Transcribe the listing exactly, skipping every picture.

◆ **RAW DATA**:
━━━
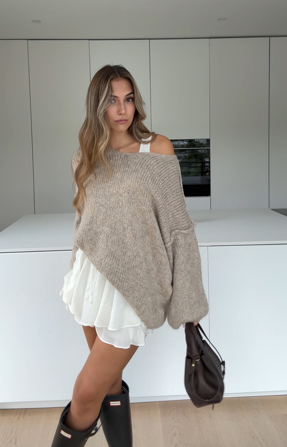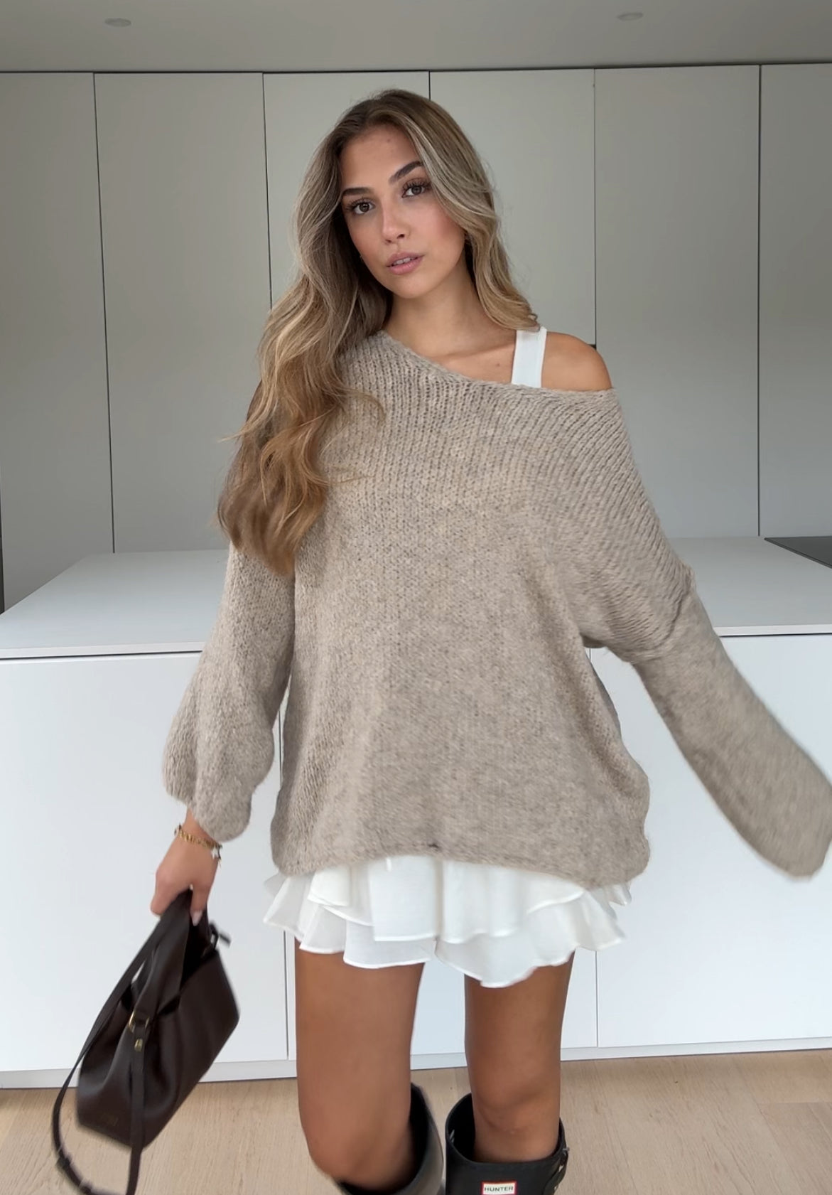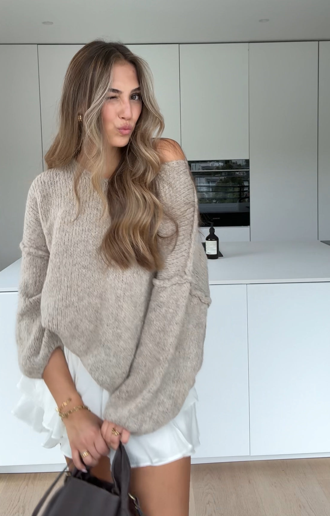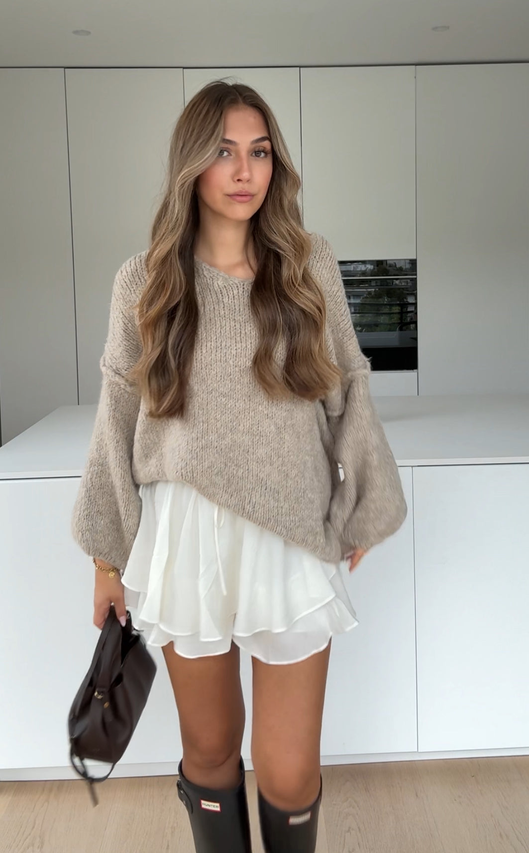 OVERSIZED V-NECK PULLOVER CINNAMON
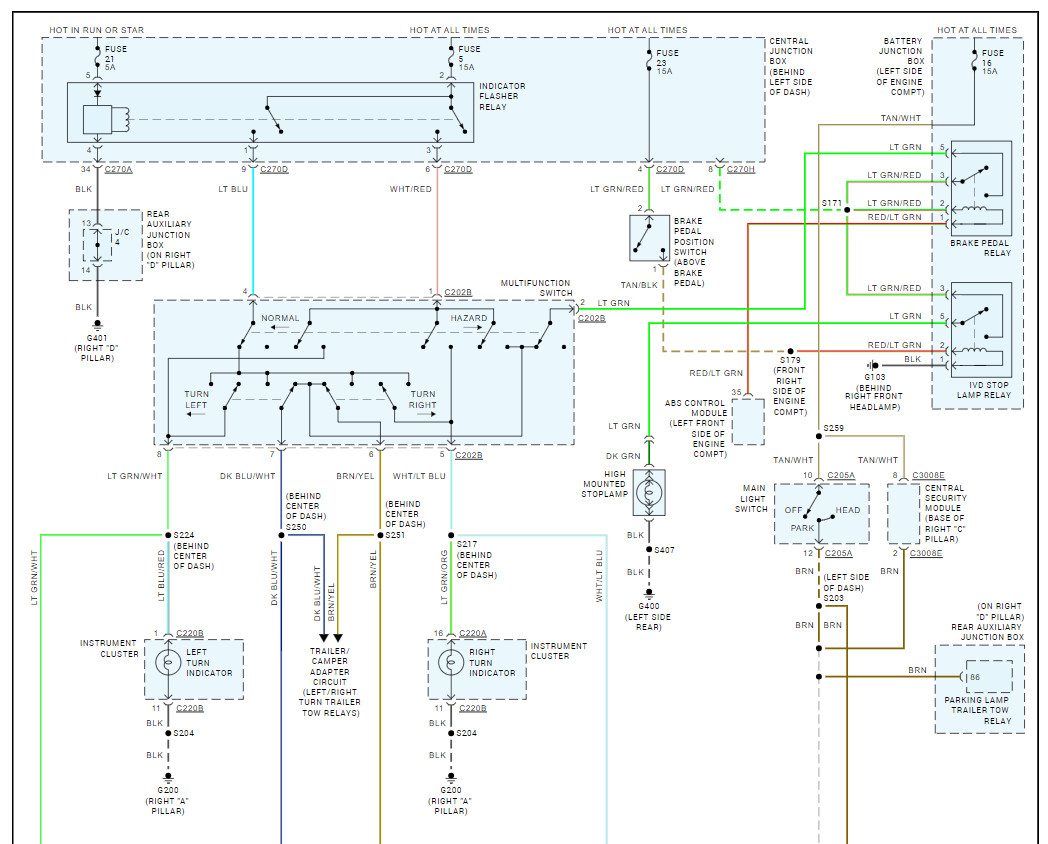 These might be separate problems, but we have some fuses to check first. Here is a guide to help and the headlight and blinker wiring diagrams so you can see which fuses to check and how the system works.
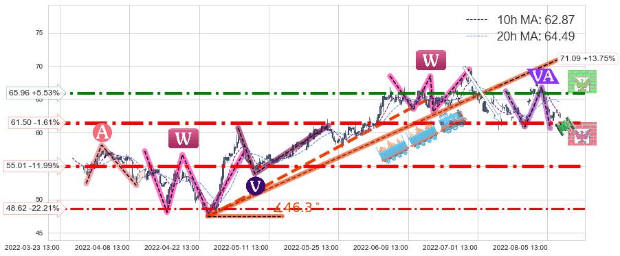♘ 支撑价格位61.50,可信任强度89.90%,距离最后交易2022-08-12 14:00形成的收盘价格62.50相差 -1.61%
━━━
◆ **SOLUTION BELOW**:
 OVERSIZED V-NECK PULLOVER CINNAMON
 These might be separate problems, but we have some fuses to check first. Here is a guide to help and the headlight and blinker wiring diagrams so you can see which fuses to check and how the system works.
♘ 支撑价格位61.50,可信任强度89.90%,距离最后交易2022-08-12 14:00形成的收盘价格62.50相差 -1.61%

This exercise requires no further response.